While Apatow and the actors, writers, and directors who work in his orbit (jokingly referred to as Apatown) mostly get credited with turning sloppy slacker dudes into Hollywood icons, they actually deserve acknowledgment for something more subtle. From The 40-Year-Old Virgin to Bridesmaids, Apatown has turned out some of the most incisive movies about one of the rawest facts of adult friendships and relationships: People grow at different rates, and when they don't match up, the emotional fallout can be devastating.
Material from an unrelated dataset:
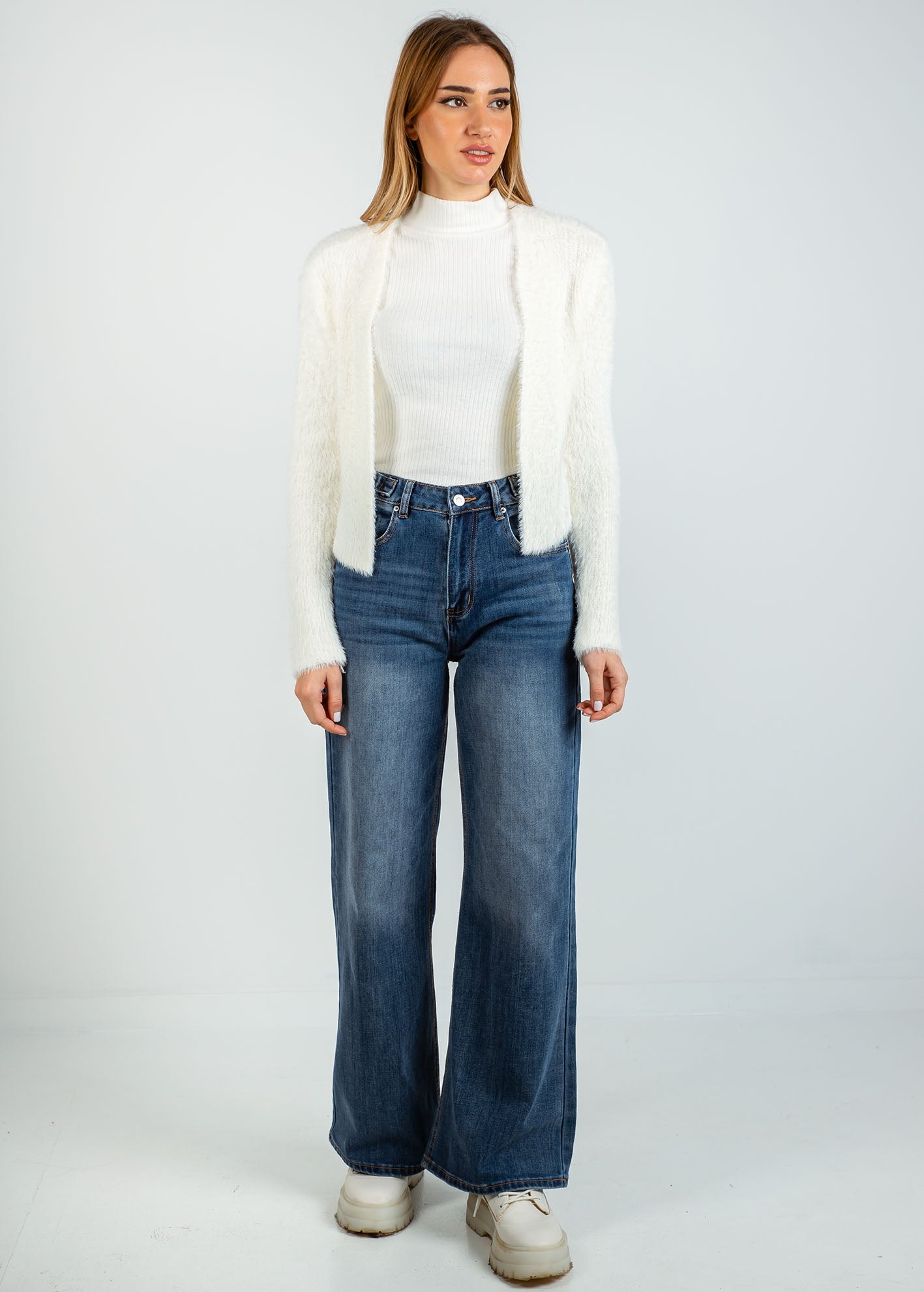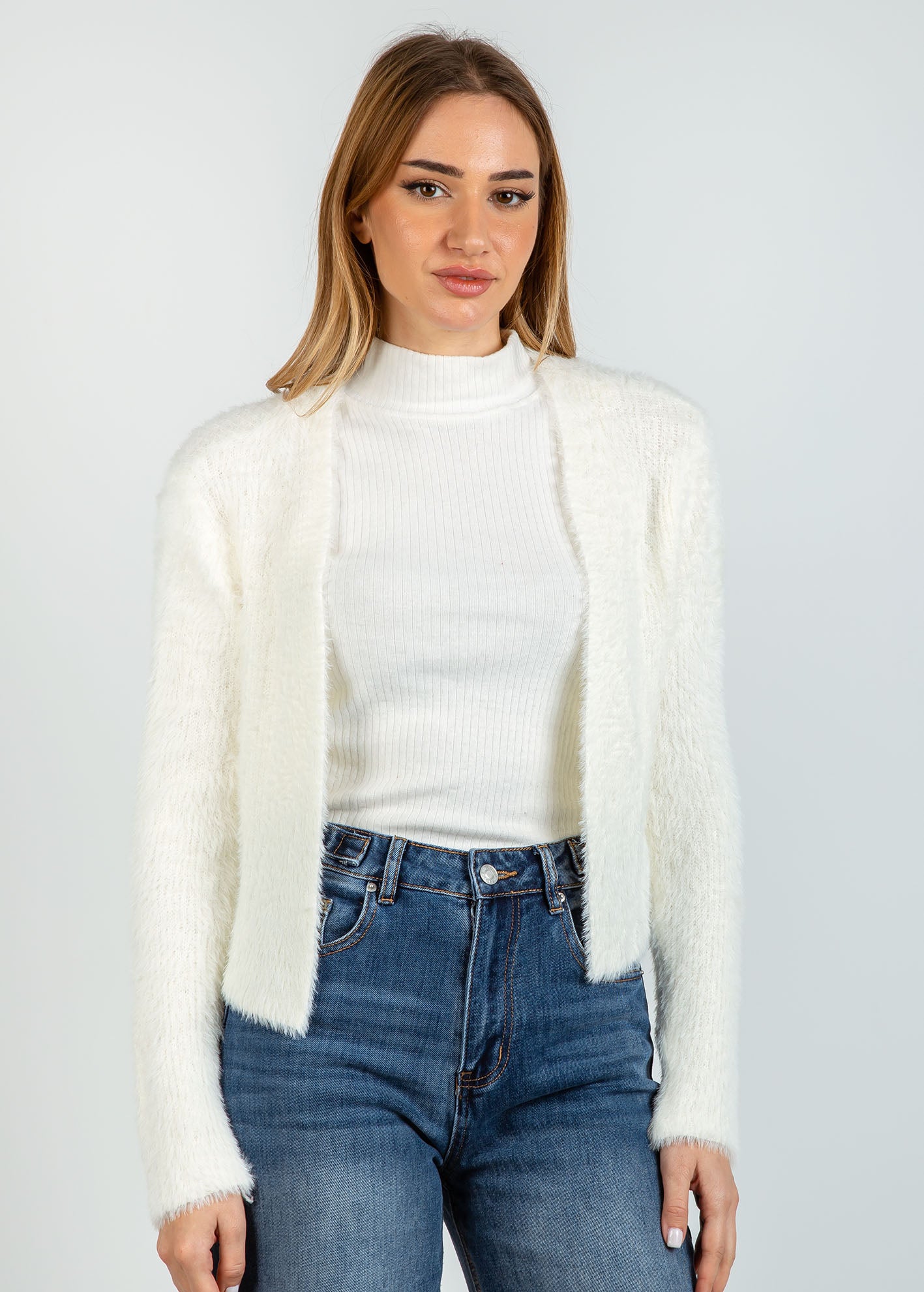 Ανοιχτή ζακέτα με απαλή υφή, κοντή με μακρύ μανίκι.

Those maturity disparities, especially between friends, have been just as important to the tone and pathos of Apatown movies as romantic conflicts between babes and schlubs. In Anchorman: The Legend of Ron Burgundy, Will Ferrell's pompous news anchor alienates his team when he embraces a female coworker (even if it's only so he can sleep with her). Andy, Steve Carrell's shy, emotionally stunted salesman in The 40-Year-Old Virgin, may live a life essentially defined by his lack of sexual experience. But the men who help him progress towards adulthood are just as damaged: They're insecure cheats or creepy ex-boyfriends who reevaluate their own lives as they help Andy move forward with his.
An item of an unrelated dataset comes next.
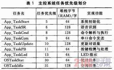 表1中除OSTaskStat和OSTaskIdle任務為系統(tǒng)自帶,其他7個任務均為用戶創(chuàng)建。App_TaskStart是系統(tǒng)的第一個任務,對系統(tǒng)時鐘和底層設(shè)備進行初始化,創(chuàng)建所有事件和其他各項用戶任務,并對系統(tǒng)狀態(tài)進行監(jiān)測;App_TaskSR完成語音識別;App_TaskCmd完成對話集中命令的解析和執(zhí)行,并通過USART1向外發(fā)送;App_TaskCom作為外圍擴展任務,通過USART2向外發(fā)送指令或數(shù)據(jù),負責控制外圍擴展設(shè)備,如語音合成設(shè)備等;
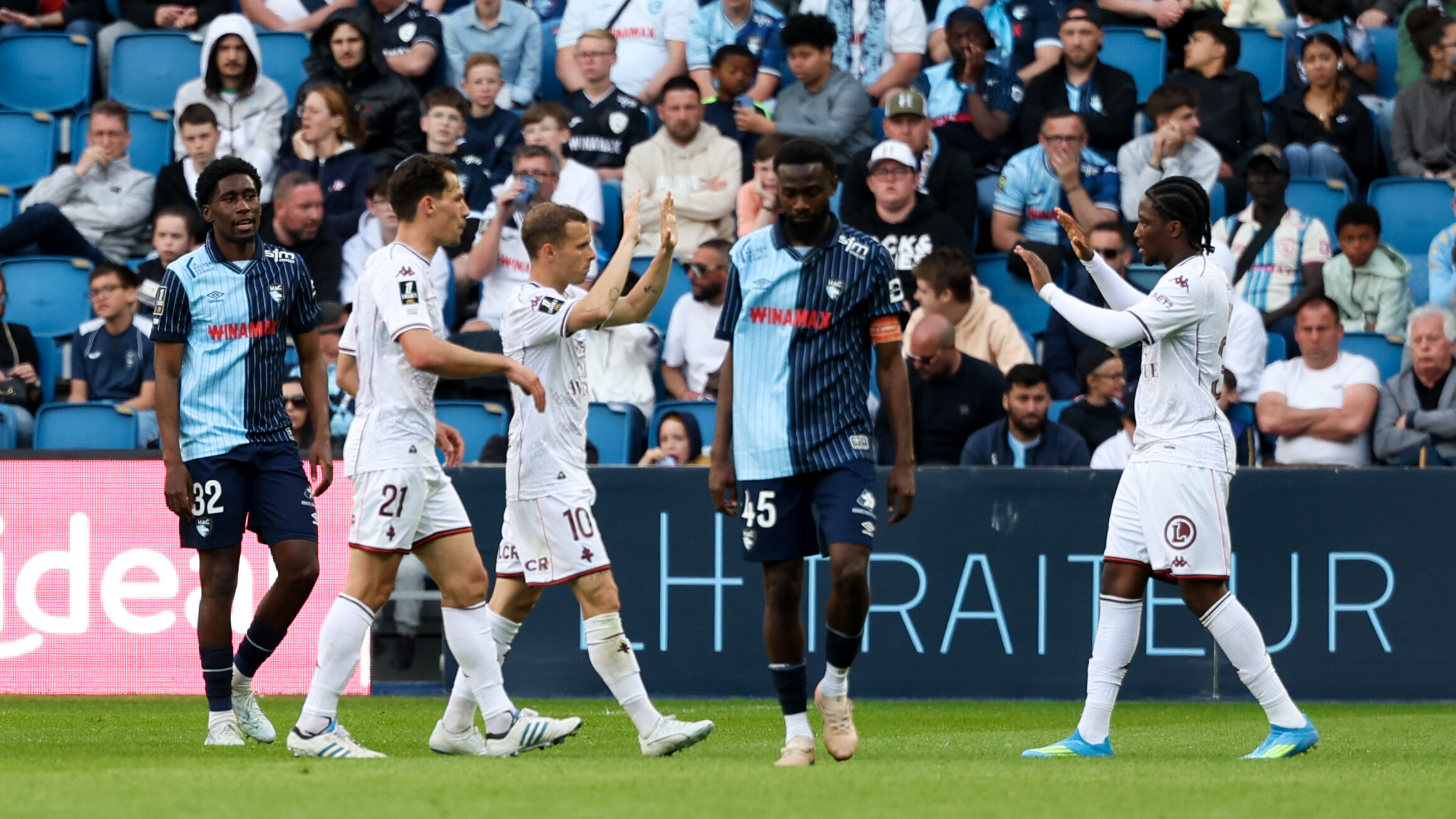 112 Au terme d’un match plaisant où il est revenu quatre fois au score, le FC Metz a ramené un point du Havre. Un résultat loin d’être suffisant pour croire à un barrage, mais qui lui permet de reporter sa relégation. Terminer la saison honorablement. Ce crédo n’a eu cesse d’être répété depuis un mois au sein du club à la Croix de Lorraine, que ce soit par l’état-major, le staff ou les joueurs eux-mêmes. Et contrairement à leur dernière sortie face au Paris FC, les Grenats ont montré ce caractère sur la pelouse du Havre. Parce qu’ils ont livré un match courageux malgré des lacunes défensives, et qu’ils sont surtout revenus au score quatre fois ! Ce qui n’était pas arrivé depuis 1960, selon le statisticien « Opta ». Les choses avaient pourtant mal commencé pour le FC Metz, organisé dans un système hybride censé permettre une meilleure couverture défensive. Raté : dès la cinquième minute de jeu, Samatta délivrait le Stade Océane, en partie grâce à une passe… d’Alpha Touré. Quelques minutes plus tard, Giorgi Kvilitaia, bien servi par un centre de Gauthier Hein, permettait aux Grenats de recoller sur leur première véritable occasion (9e), avant que Kechta ne remette les Havrais devant d’une superbe frappe (13e). Pandore et Mbala, une jeunesse talentueuse « Sur les situations défensives, on est trop fébriles, regrettait Benoît Tavenot à l’issue du match. Ç’a été comme ça toute la saison. On fait rarement les mêmes erreurs, mais on en fait toujours une. Individuellement, il y a trop de défaillances. » Malgré le statu quo à la mi-temps grâce au penalty inscrit par Gauthier Hein (45e+5), ce sont ces mêmes défaillances qui ont permis aux Havrais d’inscrire quatre buts, dimanche, et qui ont contraint le FC Metz à faire la course au score alors que sa bonne fin de match lui aurait sans doute permis d’espérer davantage. En témoigne le premier but en Ligue 1 de Jahyann Pandore – pour sa deuxième apparition avec les pros -, magnifiquement bien servi par Nathan Mbala (54e). Ou le deuxième de Gauthier Hein (85e), sur un centre à nouveau initié par Mbala, qui est venu conclure le chassé-croisé au score. « Le positif, c’est la force de caractère de ces joueurs qui sont dans la difficulté depuis longtemps. On a vraiment fait de bonnes choses avec le ballon », notait toutefois Tavenot « Il reste trois matchs, on va tous puiser dans les réserves pour essayer de finir au mieux »Jessy Deminguet Jahyann Pandore a inscrit son premier but avec les pros. Car malgré ces belles séquences aperçues – qui poussent encore à se demander pourquoi les Grenats n’ont pas montré ce visage plus souvent -, le FC Metz (18e, 16 points) reste bien trop loin d’Auxerre (16e, 25 points) pour espérer ne serait-ce qu’un barrage. « On n’a pas eu la réussite pour gagner un match qui aurait donné un peu d’énergie et d’espoir, a regretté l’entraîneur messin. On n’y arrive pas. Dès mes premières discussions au club, il y avait cette croyance par rapport à la descente qui était terrible. Mais on va faire face, et répondre présent jusqu’à la dernière minute du match à Nice. » Il reste désormais trois rencontres aux Grenats pour tenter d’arracher ce succès pour l’honneur. En attendant, la relégation pourrait être officielle dès samedi prochain face à l’AS Monaco (19 heures). « Notre leitmotiv, c’est de ne pas lâcher et de reprendre du plaisir sur le terrain. On l’a montré aujourd’hui (dimanche), relevait Jessy Deminguet. Il reste trois matchs, on va tous puiser dans les réserves pour essayer de finir au mieux. » au Stade Océane (Le Havre), Mehdi Abirez et Valentin Lachaux Les réactions de Jean-Philippe Gbamin et de Jessy Deminguet Havre AC – FC Metz : 4 – 4Havre AC : Diaw – Nego, Seko, Lloris, Zouaoui (Pembélé, 78e) – Ebonog (Mosengo, 90e), Ndiaye (Gourna-Douath, 46e) – Doucouré (Kyeremeh, 69e), Kechta (Boufal, 79e), Soumaré (cap.) – Samatta.FC Metz : Sy – Sarr (cap.), Sané, Yegbe, Mboula (Pandore, 46e), Tsitashvili – Touré (Stambouli, 46e), Gbamin (Mbala, 18e), Deminguet (Abuashvili, 82e) – Hein – Kvilitaia (Michal, 83e).Buts pour le Havre : Samatta (5e), Kechta (13e), Zouaoui (s.p., 52e), Doucouré (61e).Buts pour Metz : Kvilitaia (9e), Hein (s.p., 45e+5), Pandore (54e), Hein (85e).Avertissements au Havre : Gourna-Douath (80e), Pembélé (90e), Ebonog (90e).Avertissement à Metz : Kvilitaia (47e).Arbitre : M. Letexier. Crédit photo : Johnny Fidelin / Icon Sport

And in Knocked Up, Paul Rudd's married-guy Pete may want to hang out with Seth Rogen's slacker baby-daddy Ben, but ultimately, Ben's struggles to figure out how to be a responsible adult force Pete to confront his failures as a father and a husband. One of the saddest scenes in the movie is not between the two young parents-to-be, but the moment when Ben tells Pete how his parenting mistakes have made it harder for him to establish a family of his own:
Superbad is the first movie in the larger Apatow universe to put friendship, rather than a romantic or sexual relationship, at the center of the movie, and the emotions between Michael Cera and Jonah Hill's graduating high school seniors are so intense and painful that it's no wonder that some critics insisted that the real romance was between the two boys rather than the objects of their affections.
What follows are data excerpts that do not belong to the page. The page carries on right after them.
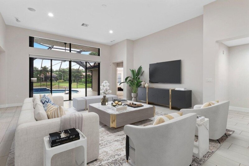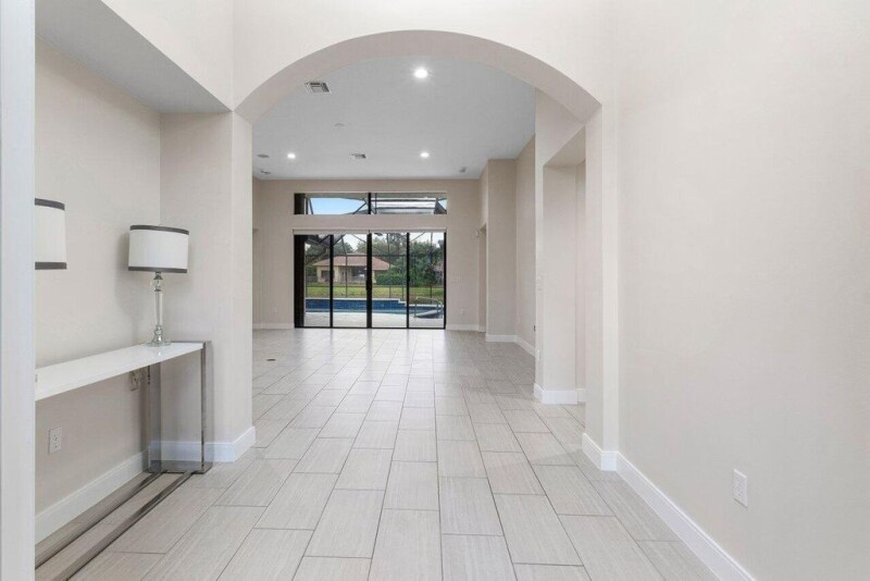 Beautiful Lakefront home in desirable, smaller active community! This Venezia floorplan features 3 bedrooms, 3 baths, heated pool, oversized screened lanai with majestic lake views and cul-de-sac location. The spacious kitchen features 42'' white cabinetry, granite, pantry, extra drawers, under counter lighting and cozy breakfast area. Master suite has glass breakage alarm on master windows, California-style walk-in closet and California style linen closet. Master bath includes oversized frameless shower, lighted vanity and soaking tub. The spacious great room entails, recessed lighting, motion detector and sweeping views of the lanai. Focal point in guest room is wrap around custom wood built ins.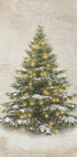 A cozy, vintage-style evergreen tree stands lightly sprinkled with snow, while warm golden lights twinkle between the branches. The subdued, paper-textured background and gentle snowfall create a calm and nostalgic Christmas atmosphere—ideal for a classic seasonal gallery wall or a simple winter corner.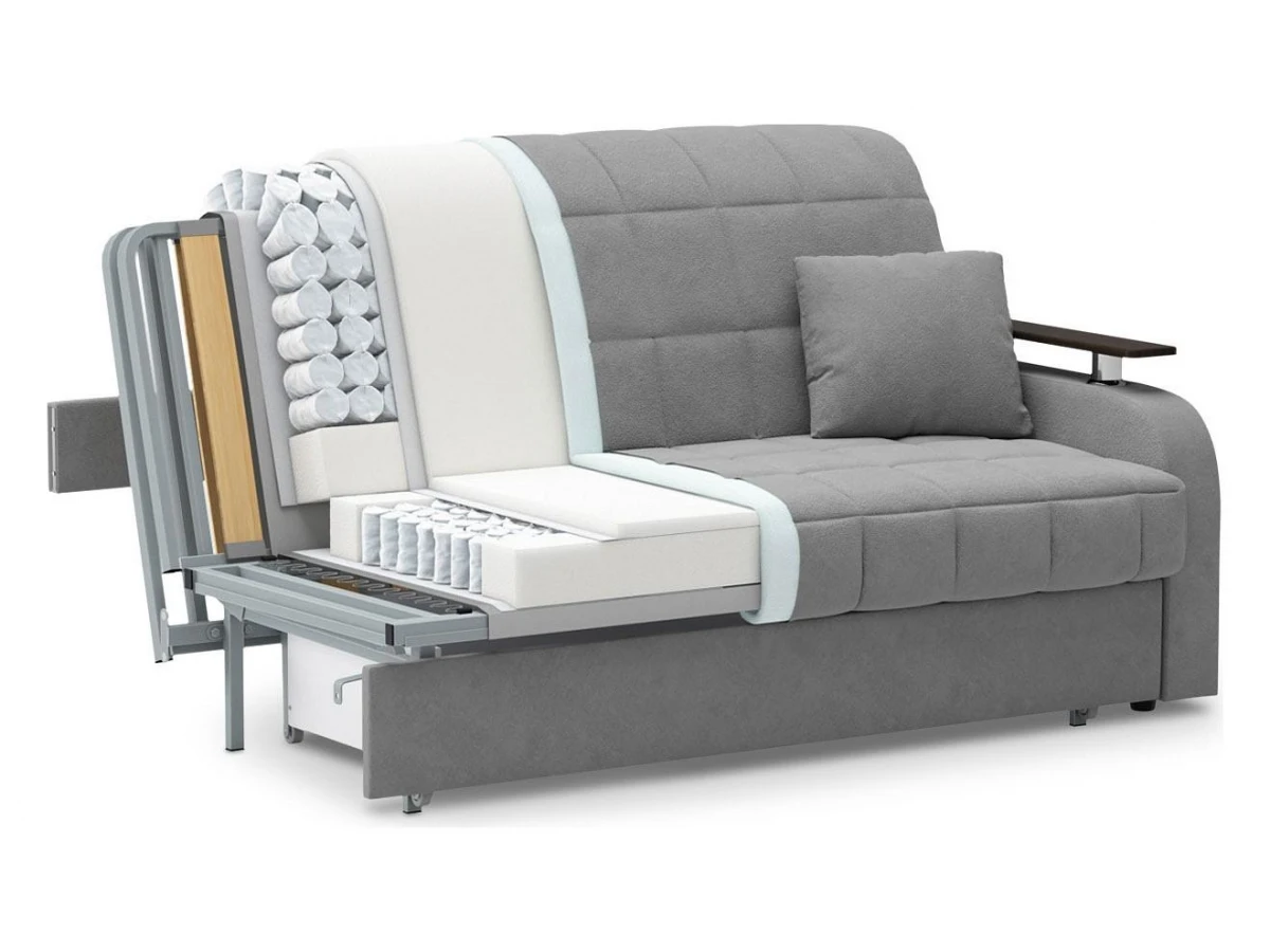 комфортный уровень посадкинадежный механизм трансформации подходит для ежедневного использованияпри минимальных габаритах диван обладает отличным спальным местоморигинальный декор подлокотников выполняет функцию практичных столешницчехол модели съемный для чистки.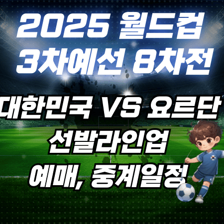 3์›” ์ถ•๊ตฌ ์›”๋“œ์ปต 3์ฐจ์˜ˆ์„  8์ฐจ์ „ : ๋Œ€ํ•œ๋ฏผ๊ตญVS์š”๋ฅด๋‹จ ์ถ•๊ตฌ ๊ฒฝ๊ธฐ ๋ฐ ์˜ˆ๋งค ์ •๋ณด(+์„ ๋ฐœ๋ผ์ธ์—…)

What makes Bridesmaids so refreshing is not just that it's the first Apatown movie where women fill up the screen almost to the exclusion of men. It's also that it's the first Apatown movie where the emotional disparities between the main characters come out of genuine and well-developed failures on both sides, rather than laziness or under-explored insecurity. Kristin Wiig's Annie has been through a series of crushing disappointments as the movie begins: The bakery she always dreamed of running has gone under in the recession, its windows papered over, and its sign vanishing letter by letter. Her relationship has been a casualty of the business's failure, and that double failure has crushed her spirit, leaving her rooming with a pair of spectacularly bizarre British twins and failing at selling jewelry to people whose happiness she finds almost unendurable.